5 things you can do from File Explorer's File menu

Most Windows 10 users browse the files and folders on their PCs and devices, using the File Explorer app created by Microsoft for this purpose. The app is built into the operating system and itțs found at one click away, on the taskbar. However, many users do not know all its features and capabilities, so they never use it as productively as they could. In this guide, we teach you how to use the File menu from File Explorer, to quickly perform actions like pinning frequent folders to File Explorer, open PowerShell in a specific folder, and so on. Let's get started:

How to access the File menu in Windows 10

The File menu is found in the File Explorer app from Windows 10. To access it, start File Explorer, and then click or tap the File button in the top-left corner. Alternatively, press the ALT+F keys on the keyboard, when the File Explorer app is open.

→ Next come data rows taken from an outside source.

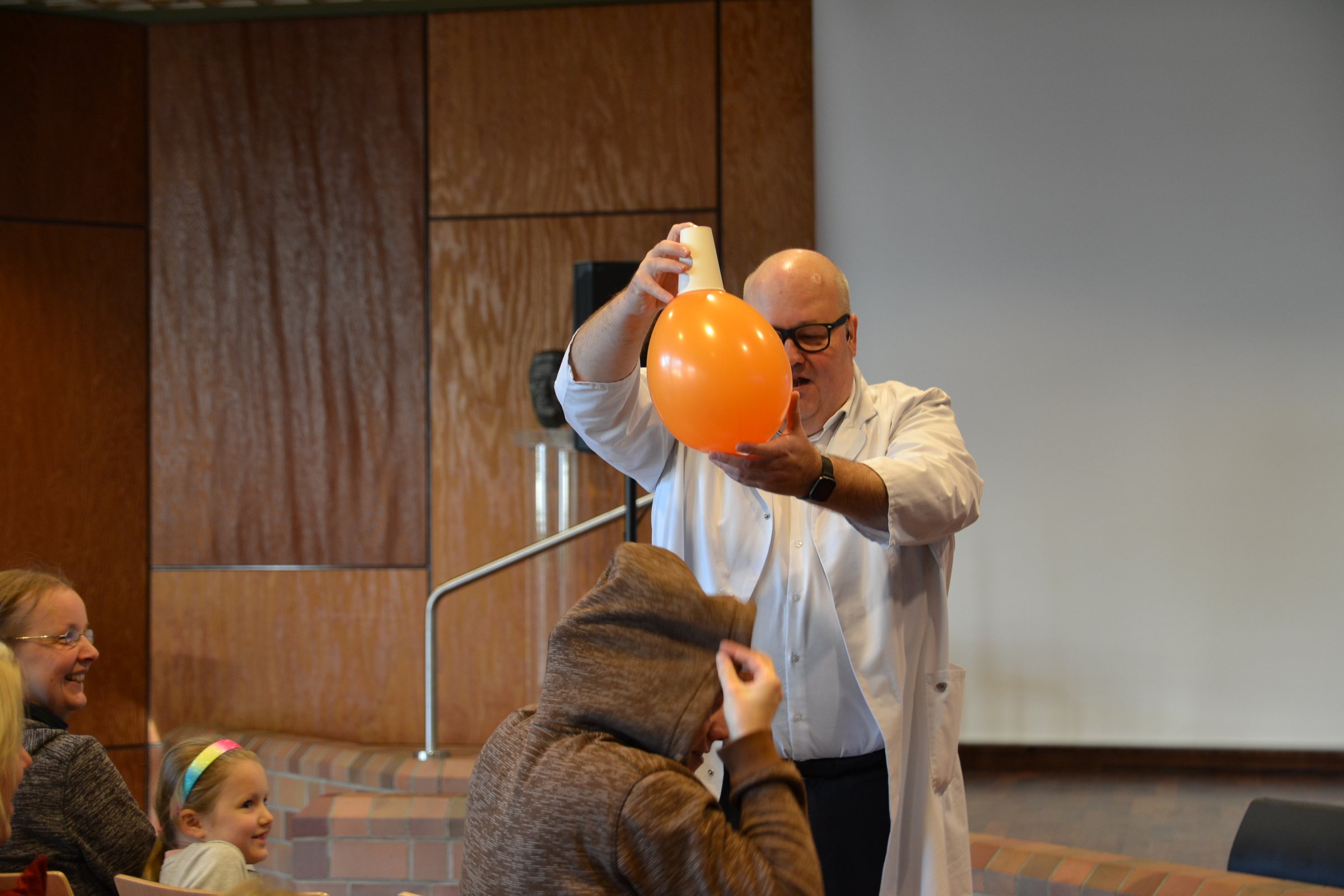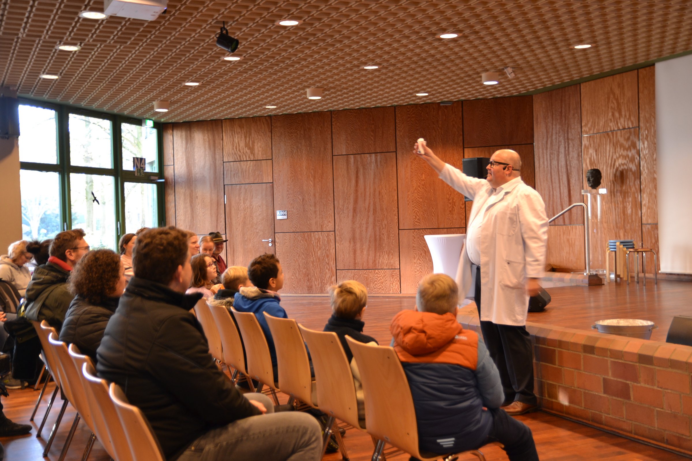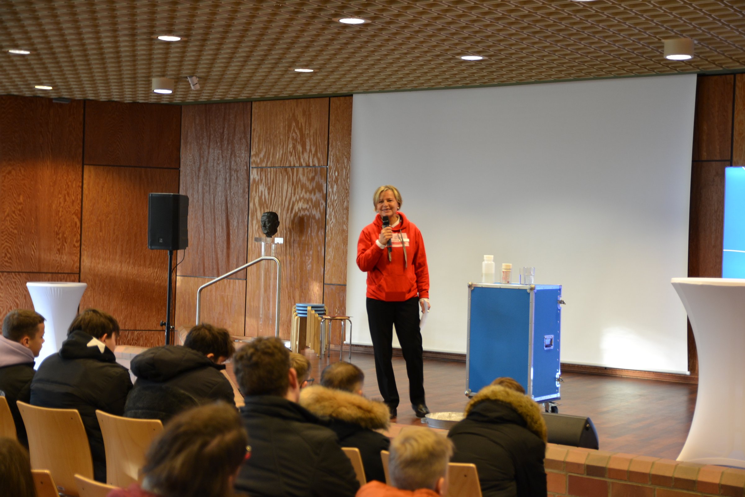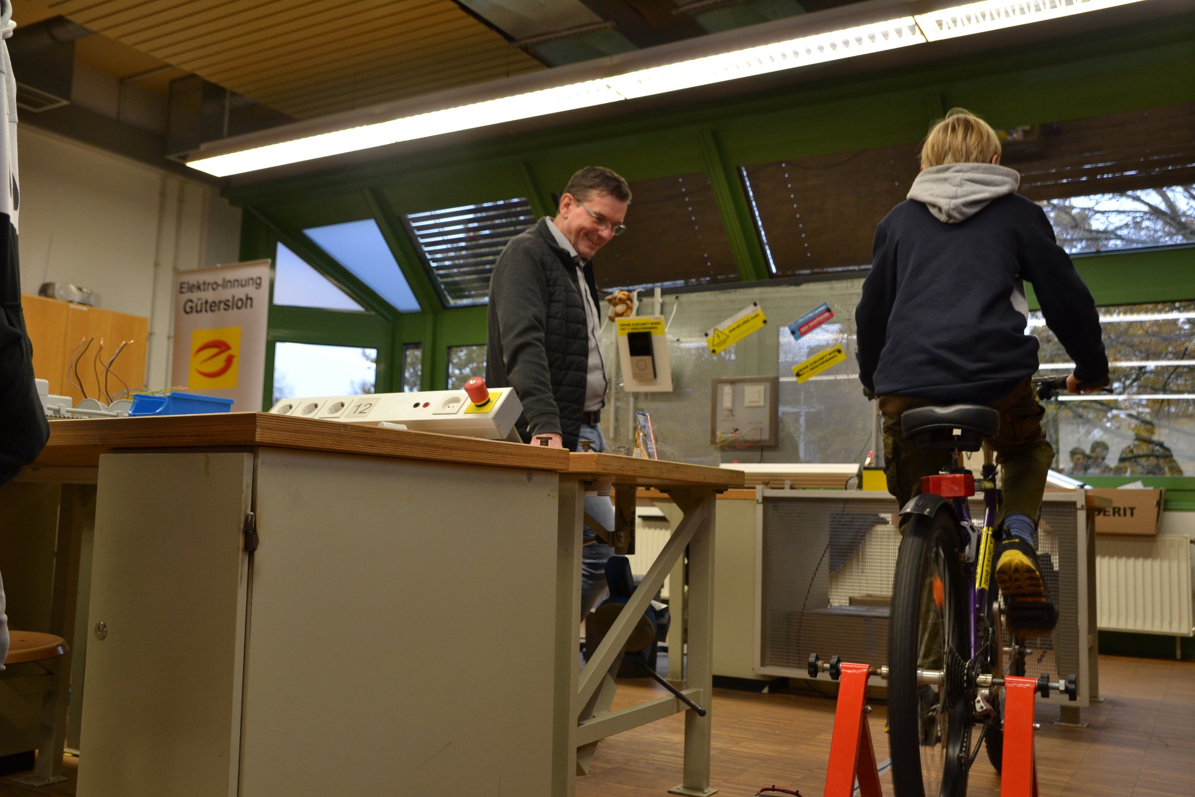 Darüber hinaus präsentierten sich mehr als 50 Ausssteller im Berufskolleg. Neben den Workshops konnten die Besucherinnen und Besucher zudem eine Vielzahl an offenen Angeboten besuchen. Diese Mitmachaktionen wurden verteilt im Schulgebäude und der Sporthalle des Berufskollegs von rund 20 Unternehmen aus dem Kreis Gütersloh und rund 20 weiteren außerschulischen Lernorten und Organisationen angeboten. Abgerundet wurde das Programm von Wissenschafts-Entertainer Felix Homann, der mit Experimenten für Staunen im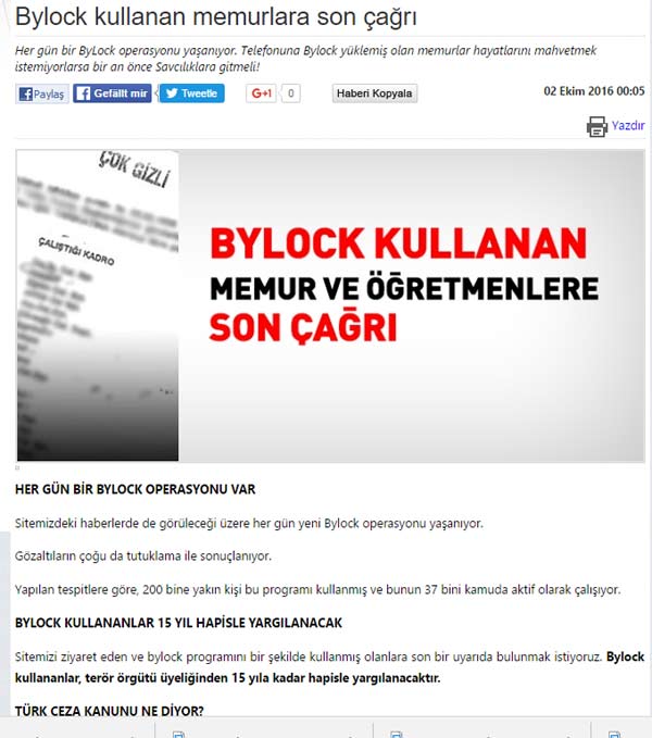 Mahkemenin kararından sonra hukuki bir delil olmaktan çıkan Bylock kullanıcıları için yalan yanlış bilgileri gündeme sokanlar memur ve öğretmenleri paniğe sevk etmeye çalışıyor.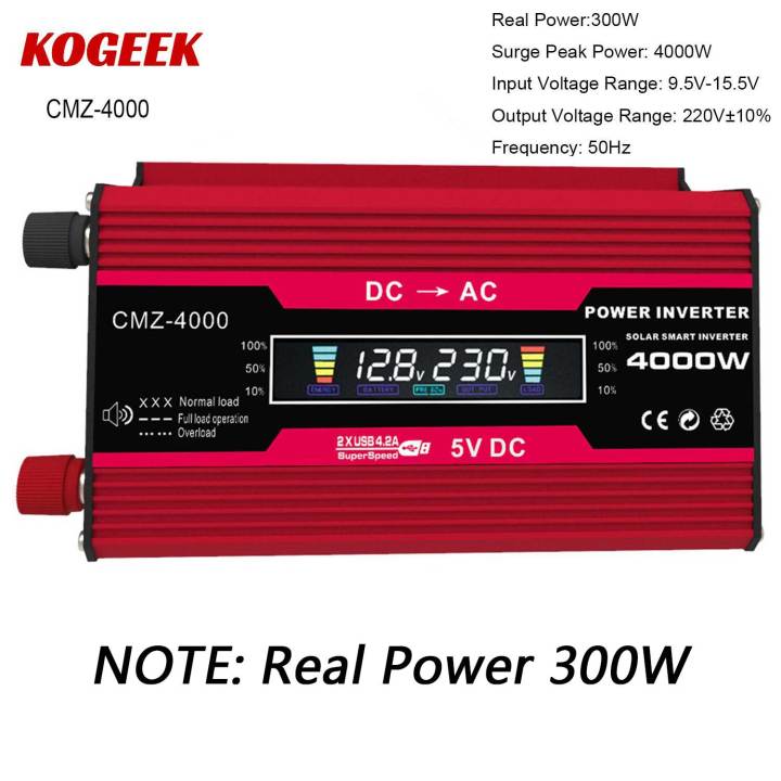 KOGEEK%20300W%20(Real%20Power)%20Peak%20Power%204000W%20LED%20Display%20Modified%20Sine%20Wave%20Inverter%20Rated%20Power%20Inverter%20DC%2012V%20to%20AC%20220V%20Converter%20High%20Frequency%20Car%20Power%20Charger%20Inverter%20with%202%20USB%20Port%20AC%20Socket%20-%20Image%201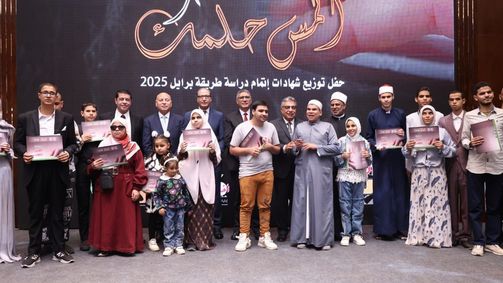 شهد المهندس عادل النجار محافظ الجيزة فعالية توزيع شهادات إتمام دراسة طريقة برايل 2025 ضمن مبادرة "إلمس حلمك" التي أطلقتها مؤسسة أخبار اليوم تحت رعاية وزارة التضامن الاجتماعي والهيئة المصرية العامة للصحافة، وبمشاركة الأزهر الشريف والبنك المصري لتنمية الصادرات.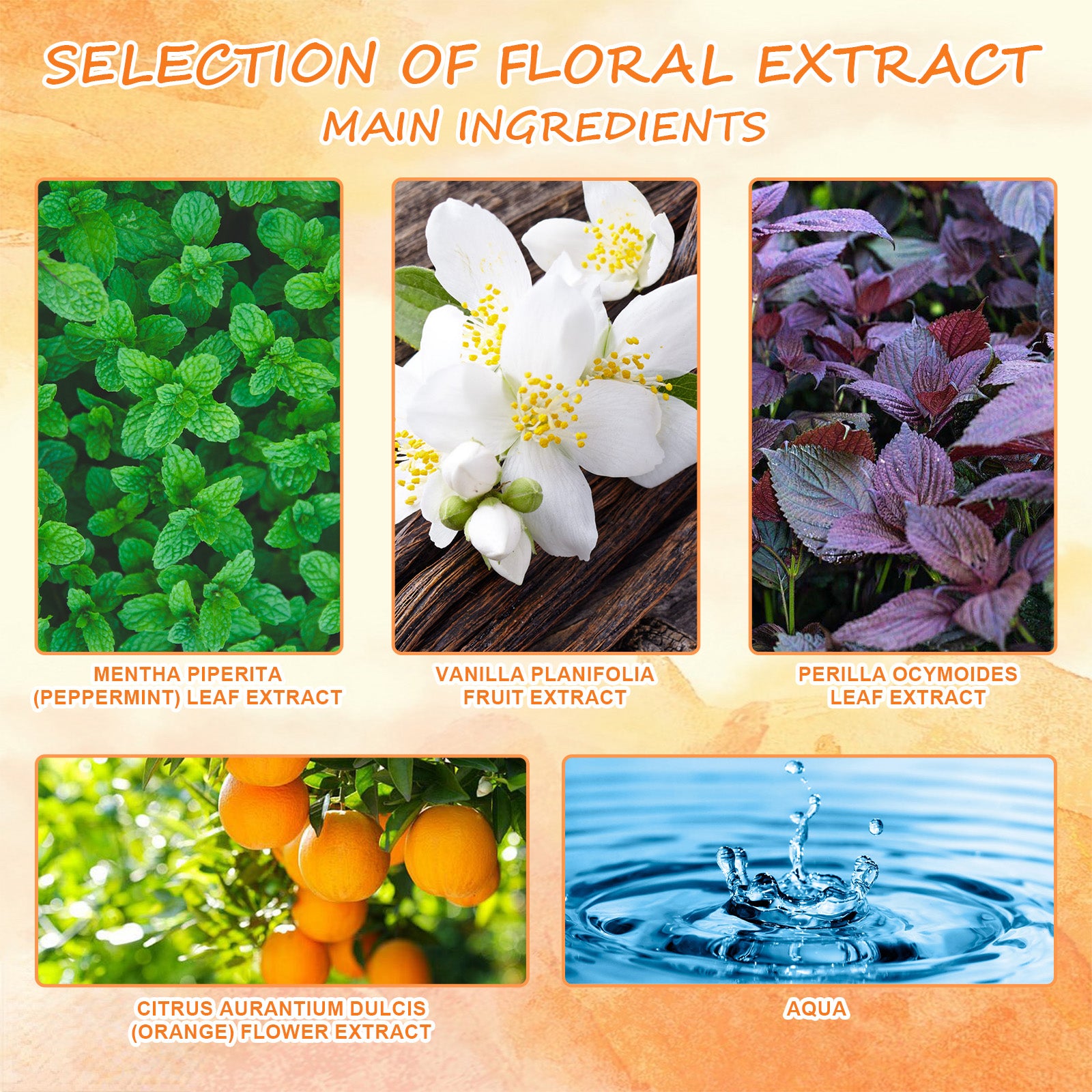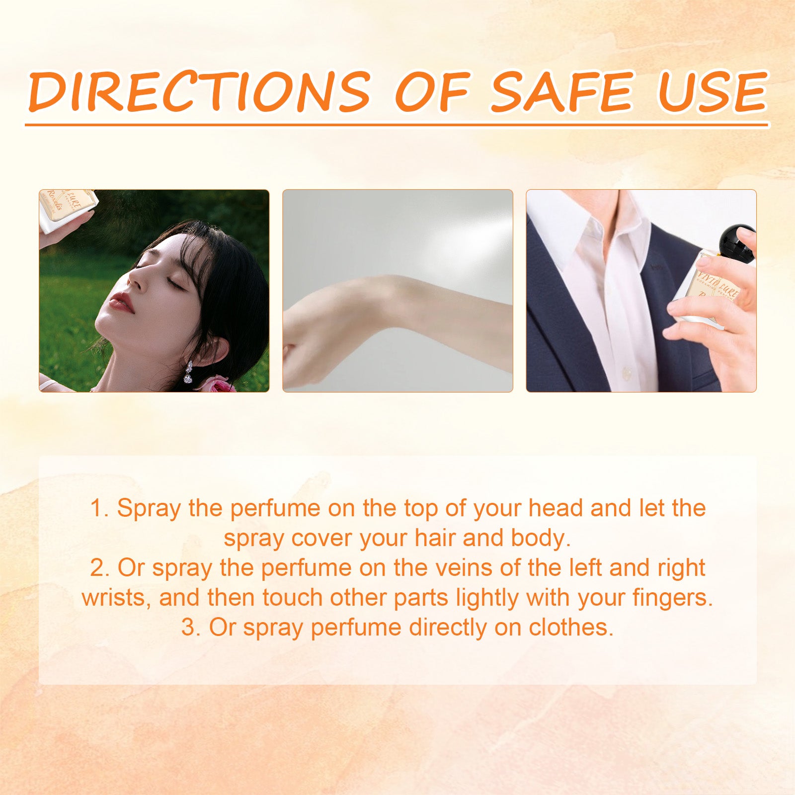 Our Dopamine Perfume contains Mentha Piperita (Peppermint)Leaf Extract, Citrus Aurantium Dulcis (Orange)Flower Extract, Vanilla Planifolia Fruit Extract. It can improve the surrounding atmosphere, create a more pleasant and comfortable environment, and enhance your personal charm. It's easy to apply: spray the perfume on top of your head and let the spray cover your hair and body, spray the perfume on your left and right wrists, then gently apply the rest with your fingers, or spray the perfume directly onto your clothes. It can boost an individual's self-confidence and help to project a more positive and confident image.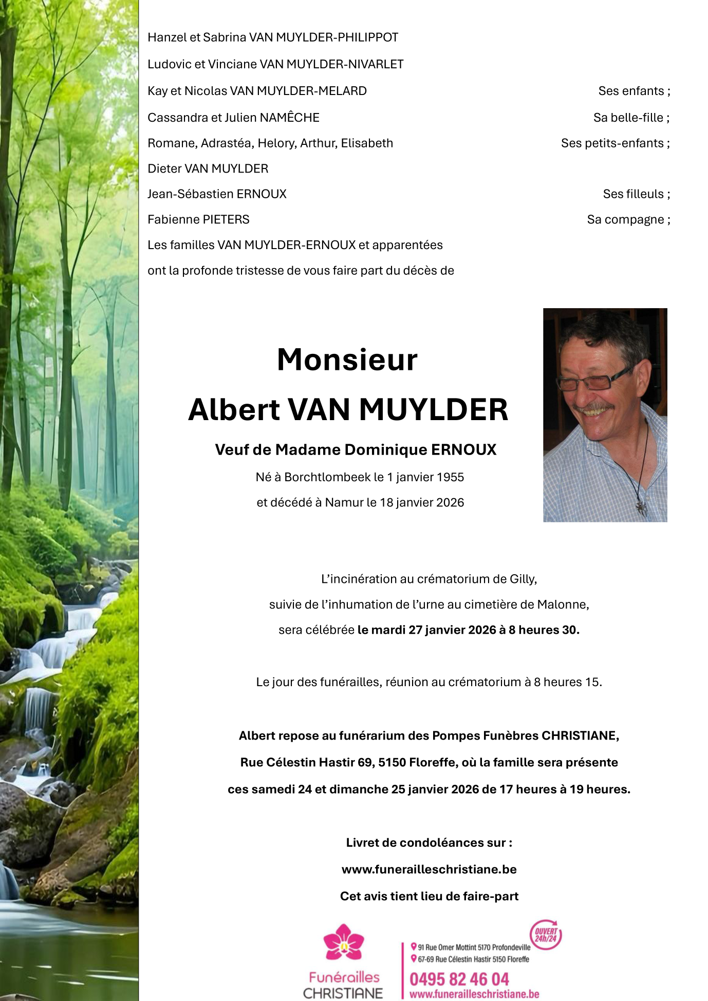 Décédé à Namur (5000) le dimanche 18 janvier 2026 à l'âge de 71 ans

The File tab in File Explorer

1. View and pin frequent folders to File Explorer

When you open the File menu in File Explorer, you see several options on the left side and a list of frequent places on the right. The places are those that you often visit on your Windows 10 PC or device. When you click on their names, they open in File Explorer. However, if you click the pin next to their name, those folders are saved to this list, even when you no longer visit them frequently.

The File menu in File Explorer - pinning frequent folders

Also, the folders you pin are shown each time you right-click (or tap and hold) the File Explorer shortcut from the Windows 10 taskbar, so that you can access them with ease.

Pinned folders to File Explorer

2. Open a new File Explorer window in a new process

After you open the File menu, click the arrow next to "Open new window," and in the sub-menu that opens, go to "Open new window in new process."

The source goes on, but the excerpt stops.